CARTA Nº 1 (REMITENTE: TOMAS ZUBIA. DESTINATARIO: CAMERON DEFARGO)
Estimado Cameron:
Aunque hasta ahora he sido reacio, más por motivos de pudor que de seguridad, a seguir tu consejo y escribirte una carta para contarte, más allá de las informaciones que voy consiguiendo, cómo me encuentro de ánimos y qué opino de la operación en marcha, por fin me he decidido a hacerlo porque creo que tienes razón cuando afirmas que de este modo puedo aliviar, en parte, mi soledad.
Supongo que lo comprenderás si te digo que cuando llegué a Madrid el corazón me dio un vuelco. Llegaba a una ciudad vencida disfrazado de triunfador. Por todos los rincones podían verse las señales de la devastadora guerra que ha finalizado no hace mucho con el triunfo de los fascistas. Las ruinas se han adueñado de la ciudad y un halo de tristeza lo impregna todo y me ha contagiado, aunque yo deba fingir que me encuentro totalmente a gusto; se supone que soy uno de los hombres más felices del mundo, un rico heredero mexicano simpatizante del victorioso III Reich.

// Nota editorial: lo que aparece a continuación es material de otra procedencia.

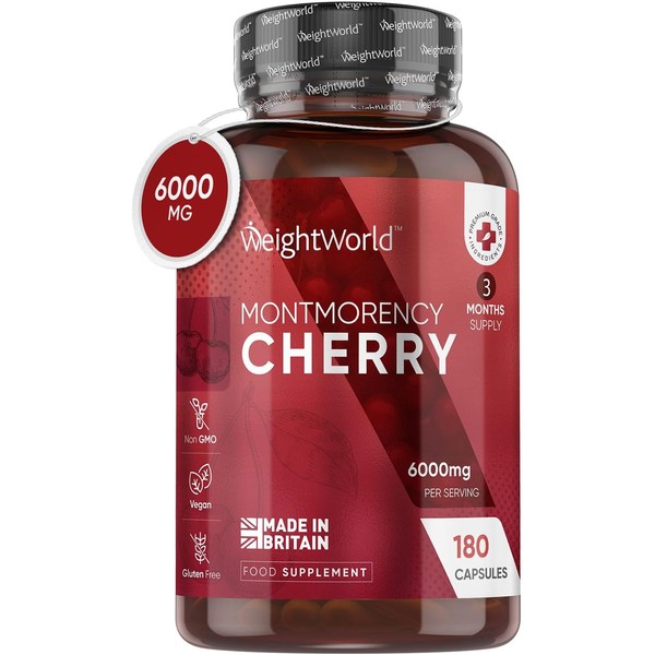 Montmorency Cherry Capsules 6000mg – 180 Tart Cherry Capsules (3-Month Supply) – 50:1 Natural Tart Cherry Extract Supplement for Men & Women – Vegan, Gluten-Free, Non-GMO, Lab-Tested – Made in The UK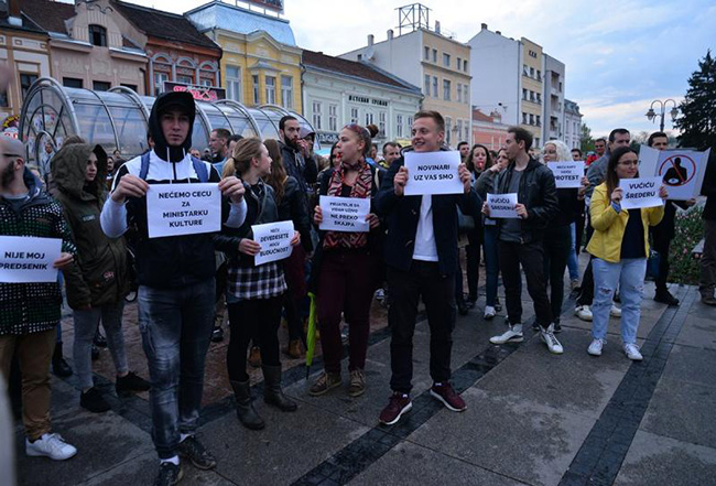 Током протестне шетње демонстранти су скандирали „Није наш председник”, „Ав, ав, ав”, „Ево нас опет” и носили транспаренте на којима је писало „Да АВ чује наш став”, „Нисам happy”, „Културу а не диктатуру”.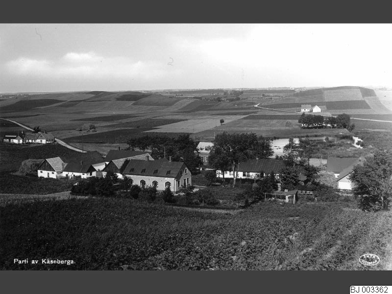 Fågelperspektiv av landskap med en by i förgr. Ingelstads härad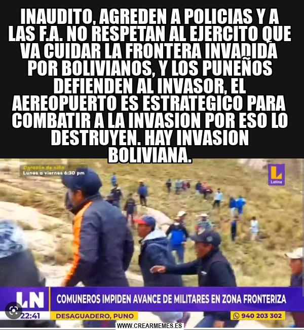 INAUDITO, AGREDEN A POLICIAS Y A LAS F.A. NO RESPETAN AL EJERCITO QUE VA CUIDAR LA FRONTERA INVADIDA POR BOLIVIANOS, Y LOS PUNEÑOS DEFIENDEN AL INVASOR, EL AEREOPUERTO ES ESTRATEGICO PARA COMBATIR A LA INVASION POR ESO LO DESTRUYEN. HAY INVASION BOLI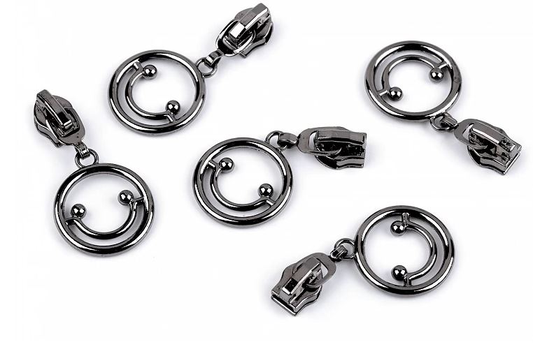 Kovový jezdec s táhlem v podobě kroužku je určený ke spirálovým zipům o šíři 5 mm v metráži. Průměr kroužku je 20 mm.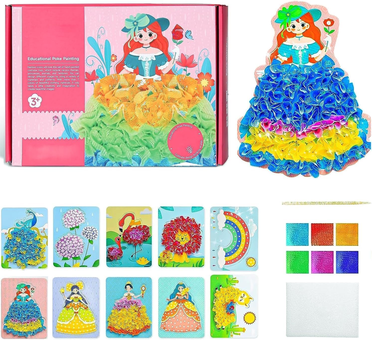 Kinder, macht euch bereit für super kreativen Spaß! Dieses Poke Art Set bringt Stunden voller Beschäftigung und Kreativität. Im Paket sind 10 Stofftafeln, 1 spezieller Kunststift, 1 Schaumstoffunterlage und 600 bunte Stoffbögen enthalten. Einfach die Schaumstoffunterlage unter die Stofftafel legen, den gewünschten Stoff aussuchen und mit dem Stift durch die Löcher in die Tafel stechen. So entstehen wunderschöne 3D-Kunstwerke! Fördert Konzentration, Ästhetik, Kreativität und motorische Fähigkeiten. Aus ungiftigen, geruchsneutralen Materialien - sicher für Kinder. Die fertigen Kunstwerke könnt ihr als Raumdekoration aufstellen oder aufhängen. Verpackt in einer schönen Schachtel - perfekt als Geschenk zu Weihnachten, Geburtstagen oder einfach so. Kreativität war noch nie so einfach und spaßig!

La vida da muchas vueltas y las perspectivas personales suelen cambiar rápidamente, sobre todo en estos tiempos de sufrimiento que nos está tocando vivir. Sabes que no me gusta mucho hablar de estos temas, pero debo reconocer que cuando en Euskadi luchaba por los derechos de mi pueblo, Madrid era una referencia negativa, el centralismo, la negación de esos derechos; pero ahora, si bien no renuncio a mis más íntimos principios y deseos, no puedo ni quiero evitar sentir un hondo respeto y admiración por esta ciudad que tan ejemplar y heroicamente ha resistido el embate de las milicias facciosas y que ha sucumbido con honor. Nada más llegar hubiera deseado despojarme del esmoquin con el que había subido al avión y ponerme un mono para colaborar en la faena de reconstrucción, pero por suerte o por desgracia no es ésa la misión que me ha conducido hasta aquí, aunque confío en que la labor que estoy desempeñando sirva también para su liberación.
Al pie de la escalinata del avión me esperaba Werner Haupt, miembro de la embajada alemana, hombre ceremonioso y campechano, el típico alemán aficionado a la cerveza y las juergas, el cual, según mis informes, ocupa un lugar insignificante en el organigrama de las SS en España.